#### About this task
When you copy from the entries that follow, take only the lines from the one with "Das Blechschild ''MACH" down to the one with "東風(fēng)輕型車始終秉", keeping both ends and dropping every picture.

[Dataset records]
+ + + + +

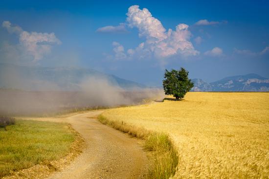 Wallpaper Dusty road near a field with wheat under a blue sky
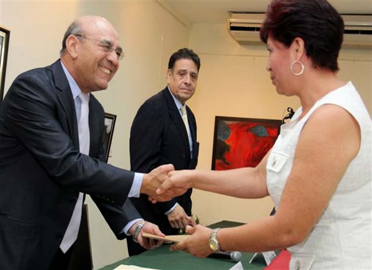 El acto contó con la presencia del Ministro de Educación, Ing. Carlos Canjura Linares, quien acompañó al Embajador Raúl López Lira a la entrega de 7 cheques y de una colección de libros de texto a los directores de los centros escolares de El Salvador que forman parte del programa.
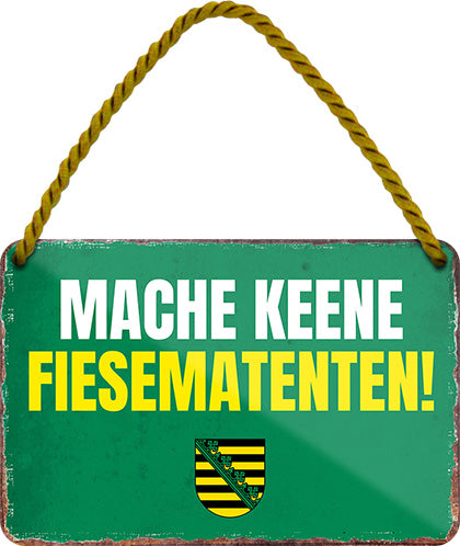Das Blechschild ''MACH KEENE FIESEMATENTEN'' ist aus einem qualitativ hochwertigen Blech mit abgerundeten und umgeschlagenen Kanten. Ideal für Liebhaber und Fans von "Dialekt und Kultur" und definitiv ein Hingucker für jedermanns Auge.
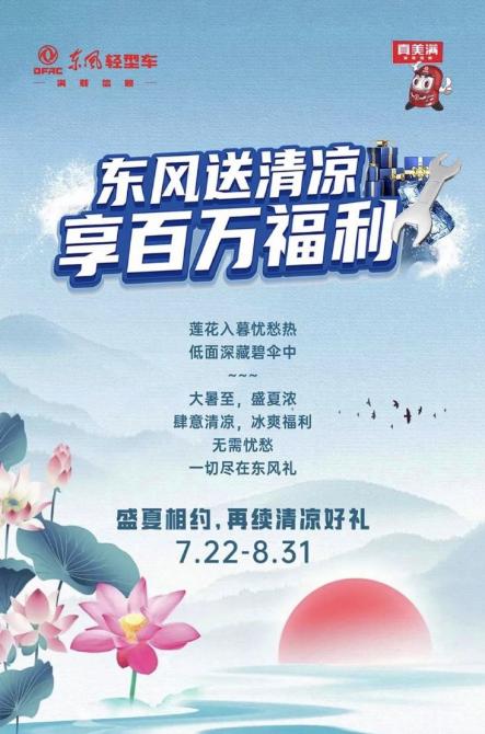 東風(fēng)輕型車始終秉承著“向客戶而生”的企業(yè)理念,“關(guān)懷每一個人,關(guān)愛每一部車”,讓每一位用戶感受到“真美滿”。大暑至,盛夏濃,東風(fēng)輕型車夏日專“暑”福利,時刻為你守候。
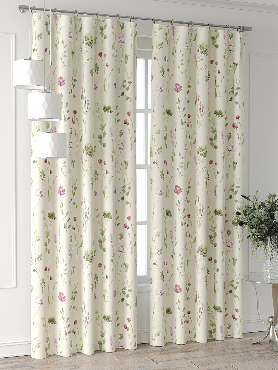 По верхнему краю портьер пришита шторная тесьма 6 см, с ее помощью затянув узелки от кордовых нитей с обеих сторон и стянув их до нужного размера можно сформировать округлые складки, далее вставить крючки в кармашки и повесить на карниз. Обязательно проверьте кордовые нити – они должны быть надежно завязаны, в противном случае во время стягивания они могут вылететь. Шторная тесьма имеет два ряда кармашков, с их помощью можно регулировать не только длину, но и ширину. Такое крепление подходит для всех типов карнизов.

+ + + + +

#### Solution for this problem
Das Blechschild ''MACH KEENE FIESEMATENTEN'' ist aus einem qualitativ hochwertigen Blech mit abgerundeten und umgeschlagenen Kanten. Ideal für Liebhaber und Fans von "Dialekt und Kultur" und definitiv ein Hingucker für jedermanns Auge.
 東風(fēng)輕型車始終秉承著“向客戶而生”的企業(yè)理念,“關(guān)懷每一個人,關(guān)愛每一部車”,讓每一位用戶感受到“真美滿”。大暑至,盛夏濃,東風(fēng)輕型車夏日專“暑”福利,時刻為你守候。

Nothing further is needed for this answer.